(Collected data)
== Segment start ==
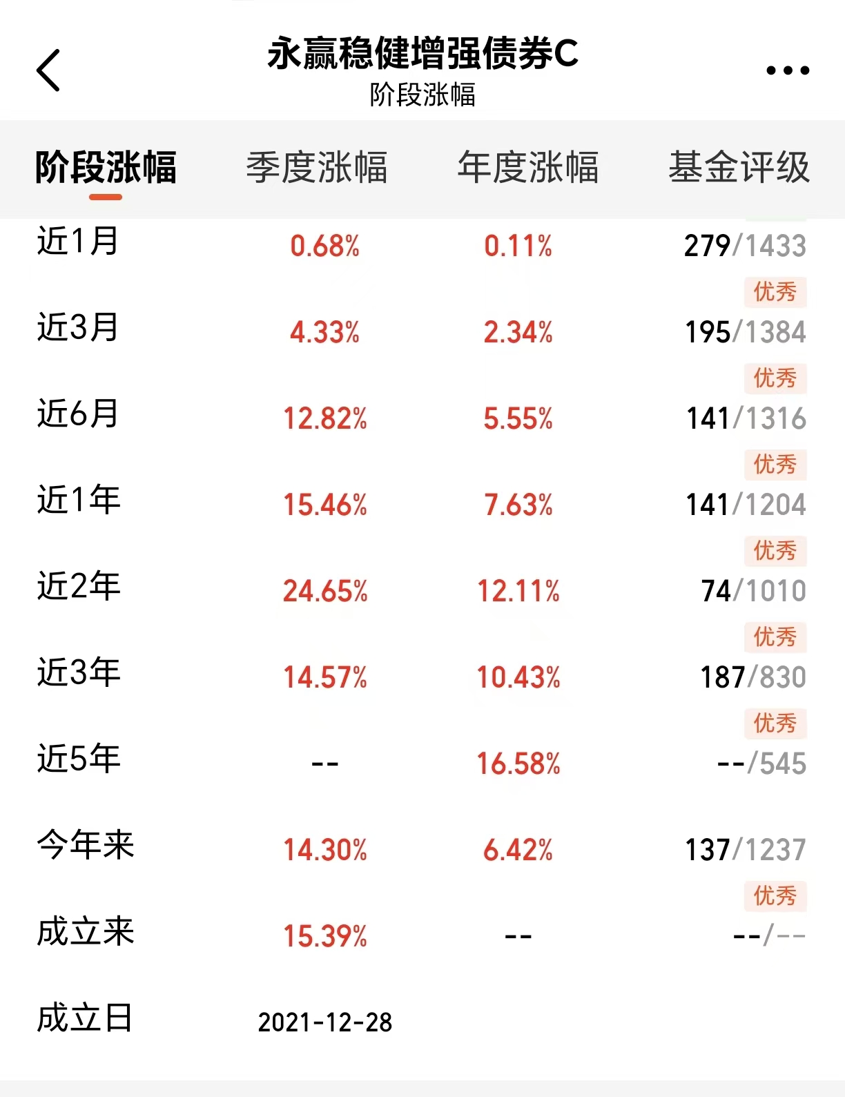 永赢稳健增强债券C(014089)的业绩数据充分说明了其策略的有效性。近1月收蛋68颗,近3月上涨4.33%,近6月上涨12.82%,近1年上涨15.46%,成立以来取得61.45%收益,这样的成绩在同类产品中表现突出。其成功的关键在于对市场趋势的准确判断和灵活的资产配置能力。在债券投资上,通过对利率走势的研判和久期的调整,把握债券市场的收益机会;在权益投资上,精选优质标的,控制风险敞口,实现了产品的稳健增值。
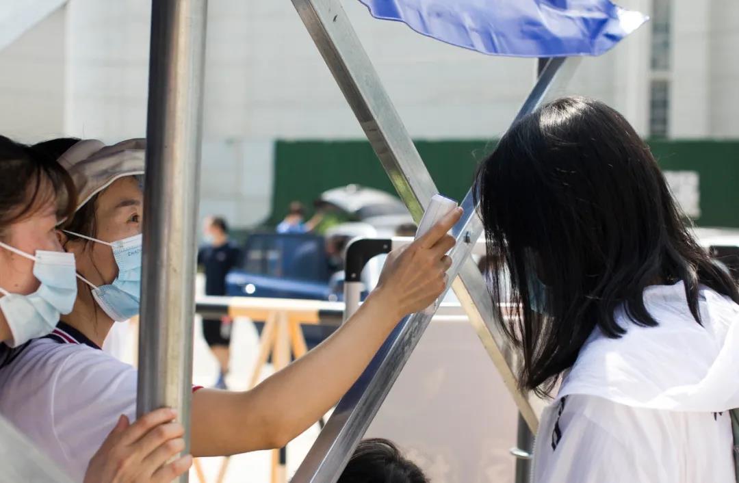 学校师生严格遵守防疫防控规章制度,国际班的同学们错时错峰分批入校,手持健康登记表、14天体温记录表一一查验,消毒、测温,做好开学期间的疫情防控工作。
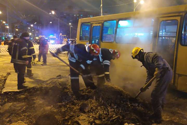 З маршрутного таксі, а також тролейбусу, що опинився в паровій завісі, було винесено семеро людей
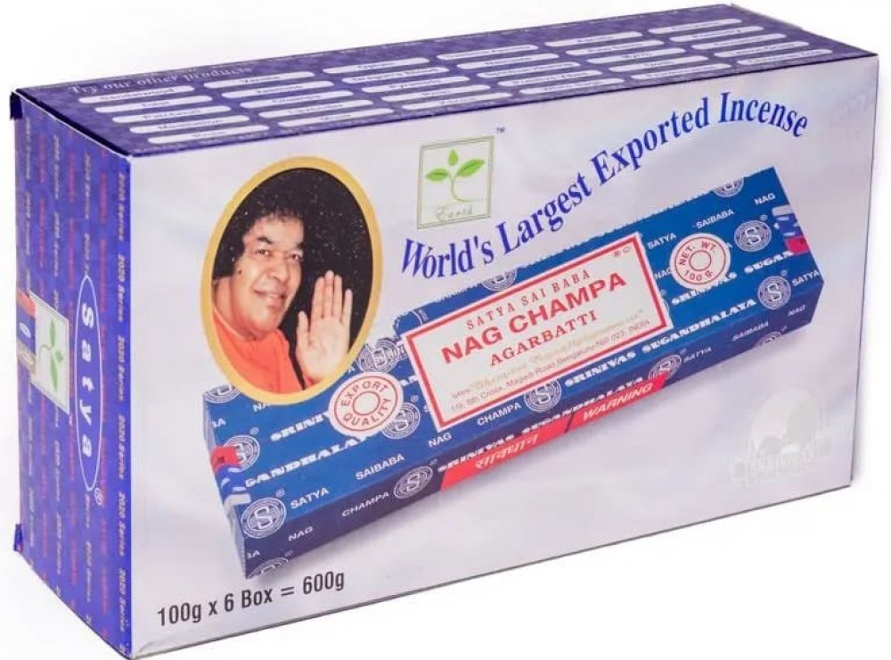 XL balení, 100 gramů, oblíbené vonné tyčinky, proslulé, originální Satya Nag Champa. Údajně nejprodávanější vonné tyčinky na celém světě. Se značkou se spojuje věhlasný Sai Baba indický guru jehož portrét je na vnějším obalu, na kartonu.
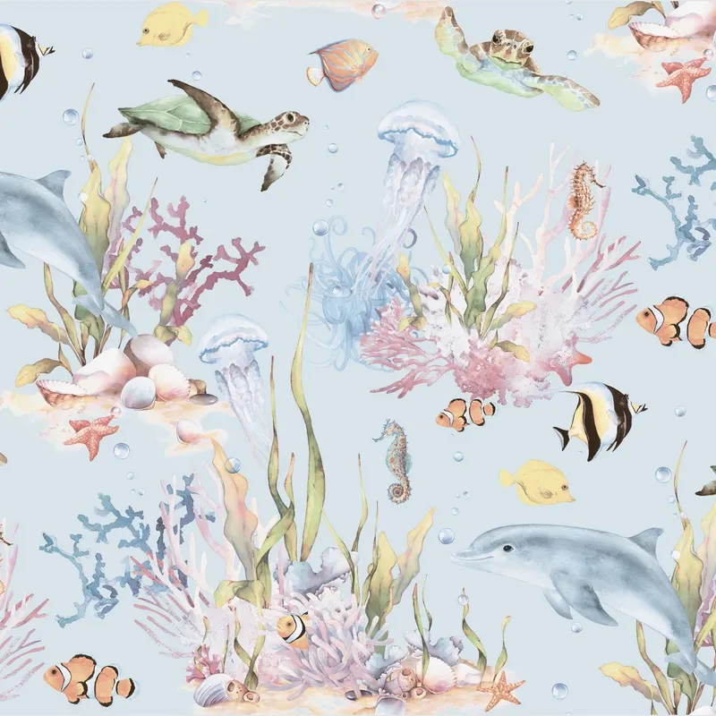 Обои Wall Up арт-654226 из коллекции DreamLand представляют собой виниловые рулонные обои с морской тематикой. Они выполнены в голубом и разноцветном цветах, что делает их подходящими для оформления детских комнат.
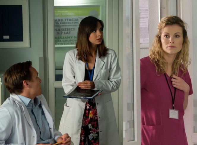 Trzy osoby, Olek (Maurycy Popiel) siedzi z ołówkiem w ręku, obok stoi stażystka Klaudia (Magdalena Dwurzyńska) w białym kitlu, trzymająca teczkę. Zza drzwi, w różowym uniformie lekarskim, spogląda z dezaprobatą Aneta (Ilona Janyst). Scena z serialu "M jak miłość" dostępna na Super Seriale.
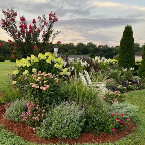 We’re heading to the Mid-Atlantic coast today to visit a new garden—brand new to Garden Photo of the Day and a relatively new creation on freshly developed property. These beautiful beds were cultivated by Teresa Eutsler in Worcester County, Maryland after moving from an extensive garden they tended for over 30 years. Looking to reduce the time she spent working in her new garden, Teresa aimed to create a low-maintenance landscape, but her passion for plants had other plans. She now has a stunning garden that is easy to care for, but she has too much fun experimenting in to stay out of for long.
== Segment end ==
[WORK TO COMPLETE]
What's needed is every line above, retyped exactly and free of pictures.

[WRITTEN RESPONSE]
 永赢稳健增强债券C(014089)的业绩数据充分说明了其策略的有效性。近1月收蛋68颗,近3月上涨4.33%,近6月上涨12.82%,近1年上涨15.46%,成立以来取得61.45%收益,这样的成绩在同类产品中表现突出。其成功的关键在于对市场趋势的准确判断和灵活的资产配置能力。在债券投资上,通过对利率走势的研判和久期的调整,把握债券市场的收益机会;在权益投资上,精选优质标的,控制风险敞口,实现了产品的稳健增值。
 学校师生严格遵守防疫防控规章制度,国际班的同学们错时错峰分批入校,手持健康登记表、14天体温记录表一一查验,消毒、测温,做好开学期间的疫情防控工作。
 З маршрутного таксі, а також тролейбусу, що опинився в паровій завісі, було винесено семеро людей
 XL balení, 100 gramů, oblíbené vonné tyčinky, proslulé, originální Satya Nag Champa. Údajně nejprodávanější vonné tyčinky na celém světě. Se značkou se spojuje věhlasný Sai Baba indický guru jehož portrét je na vnějším obalu, na kartonu.
 Обои Wall Up арт-654226 из коллекции DreamLand представляют собой виниловые рулонные обои с морской тематикой. Они выполнены в голубом и разноцветном цветах, что делает их подходящими для оформления детских комнат.
 Trzy osoby, Olek (Maurycy Popiel) siedzi z ołówkiem w ręku, obok stoi stażystka Klaudia (Magdalena Dwurzyńska) w białym kitlu, trzymająca teczkę. Zza drzwi, w różowym uniformie lekarskim, spogląda z dezaprobatą Aneta (Ilona Janyst). Scena z serialu "M jak miłość" dostępna na Super Seriale.
 We’re heading to the Mid-Atlantic coast today to visit a new garden—brand new to Garden Photo of the Day and a relatively new creation on freshly developed property. These beautiful beds were cultivated by Teresa Eutsler in Worcester County, Maryland after moving from an extensive garden they tended for over 30 years. Looking to reduce the time she spent working in her new garden, Teresa aimed to create a low-maintenance landscape, but her passion for plants had other plans. She now has a stunning garden that is easy to care for, but she has too much fun experimenting in to stay out of for long.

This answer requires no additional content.